The Case Law Annotator provides the following core functionality:

  1. Detects references to well-formed (canonical) citations and malformed citations
  2. Casts malformed case citations to their canonical form
  3. Marks up the detected references in the LegalDocML

XML and attributes

The primary purpose of the Case Law Annotator is to apply LegalDocML markup to references to case law present in the judgment. This serves many downstream use-cases, such as generating lists of citing and cited cases for a given judgment or generating a citation graph.

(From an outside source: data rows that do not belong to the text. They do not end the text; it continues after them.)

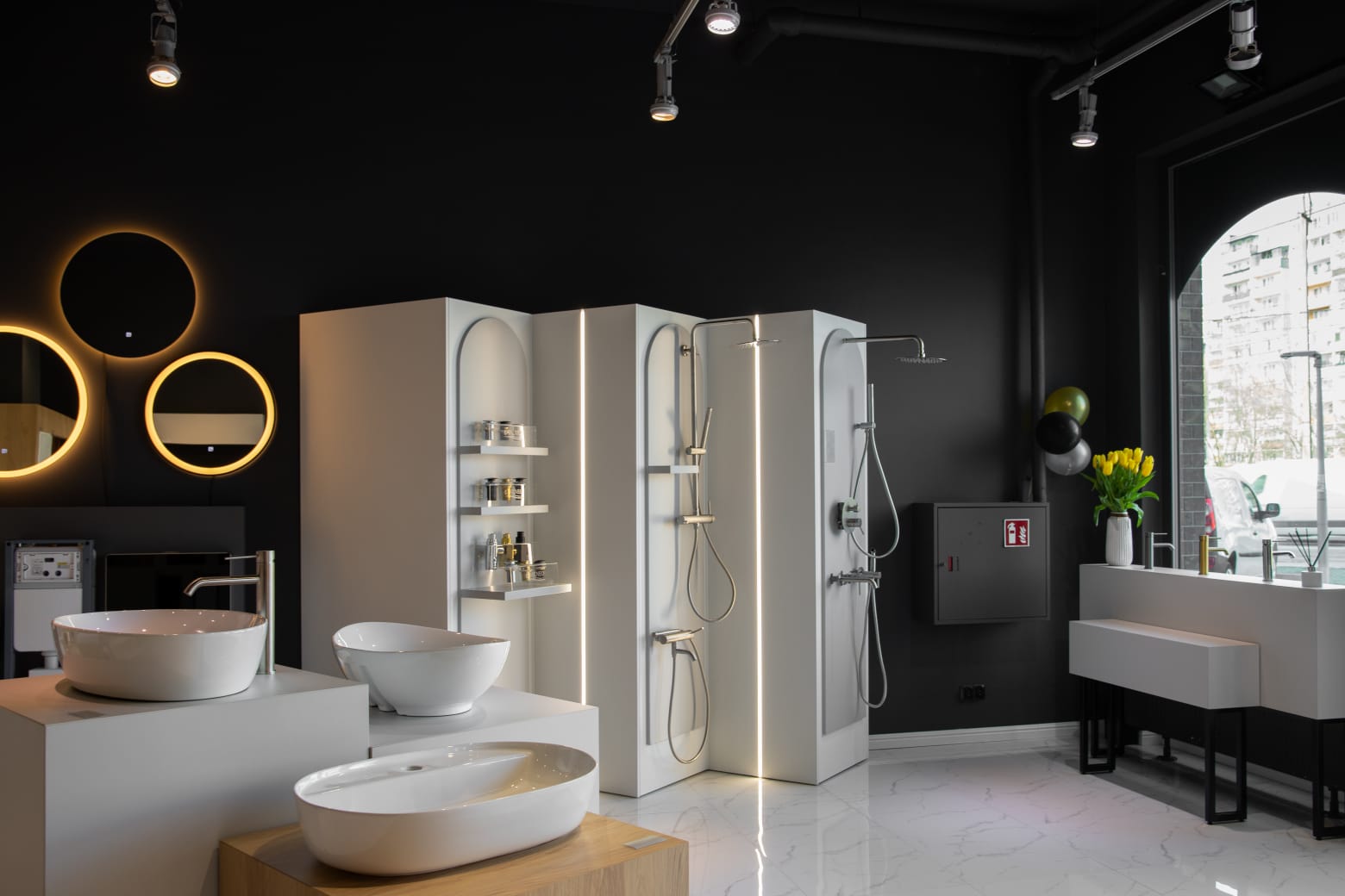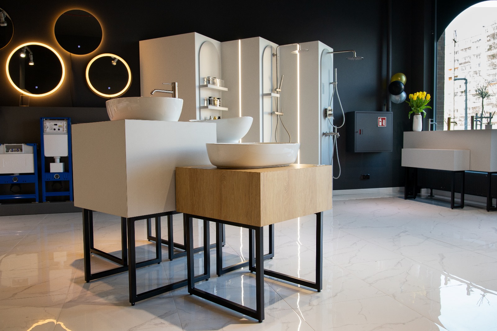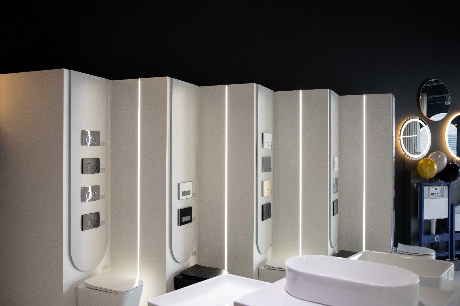 Lady, ekspozytory, podesty, ściany z lamelami, kubiki pod baterie i umywalki, zabudowy, ściana z logo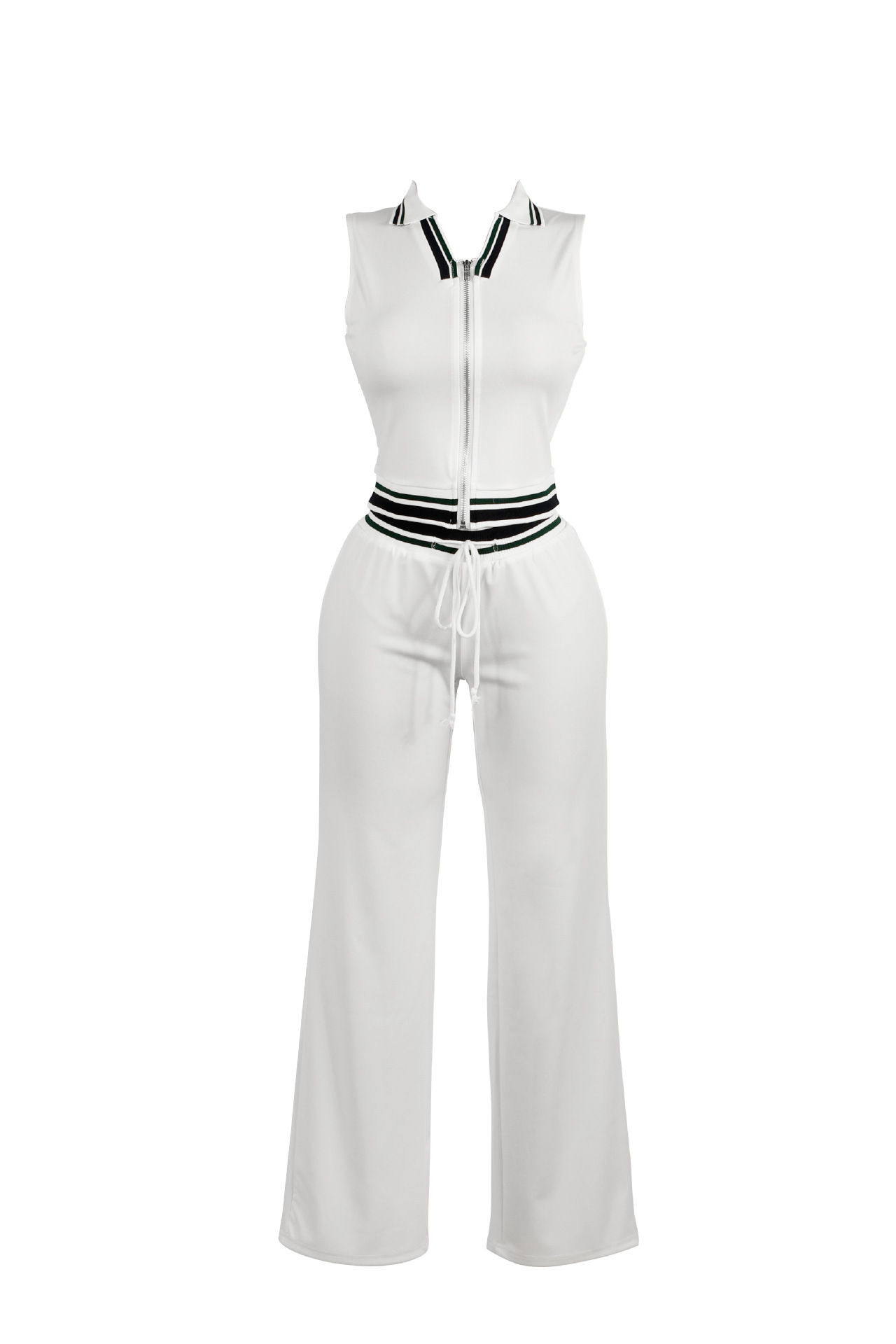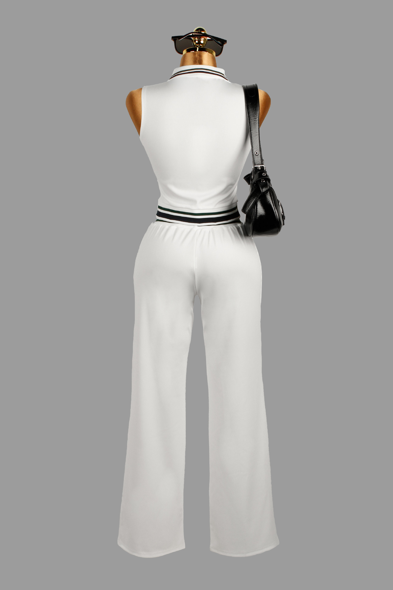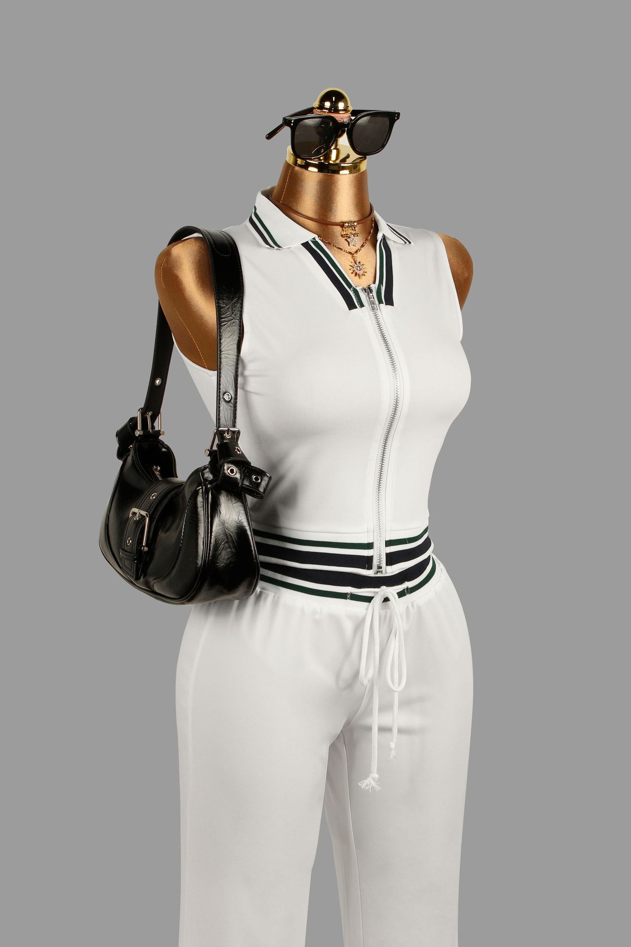 - Design: Sleeveless top with coordinating short skirt or full-length trousers for a polished, modern look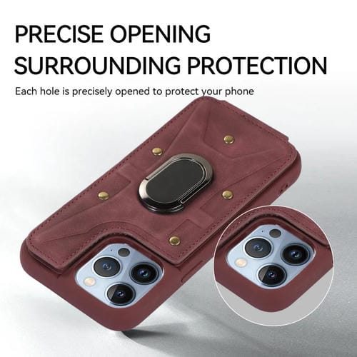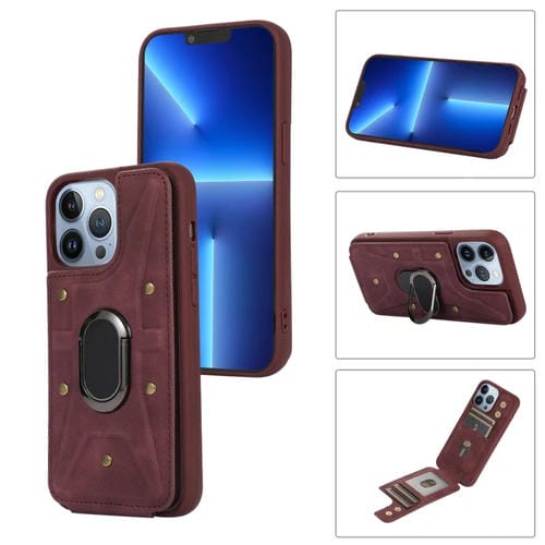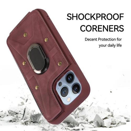 Funda Trasera Armor Ring Wallet para iPhone 13 Pro Max (Rojo Vino)

The following snippet provides an example of enriched references to case law (a neutral citation and a reference to a case reported in The Weekly Law Reports):

<ref href="https://caselaw.nationalarchives.gov.uk/ewca/civ/2021/1308" uk:canonical="[2021] EWCA Civ 1308" uk:isneutral="true" uk:type="case" uk:year="2021" uk:origin="TNA">[2021] EWCA Civ 1308</ref>, <ref href="#" uk:canonical="[2022] 1 WLR 1585" uk:isneutral="false" uk:type="case" uk:year="2022" uk:origin="TNA">[2022] 1 WLR 1585</ref>

References to case law are enclosed in </ref> tags with the following five attributes:

  • href: the TNA URI for the judgment that corresponds to the detected citation. Note that this attribute is only assigned a value where the value of uk:isneutral is true
  • uk:canonical: the canonical form of the detected citation
  • uk:isneutral: whether the detected citation is a neutral citation
  • uk:type: the type of ref element. For case law citations this is always set to case
  • uk:year: the year extracted from the detected citation, if present. Note: the value of year reflects the year in the detected citation, which is not necessarily the same as the year of judgment
  • uk:origin: the source of the enrichment. The JEP's origin signature is TNA

Implementation details

The input to the Case Law Annotator is the raw text of the judgment body of the incoming judgment XML file to be enriched. The output is a list of replacements and associated metadata that is sent to the first phase enrichment replacer.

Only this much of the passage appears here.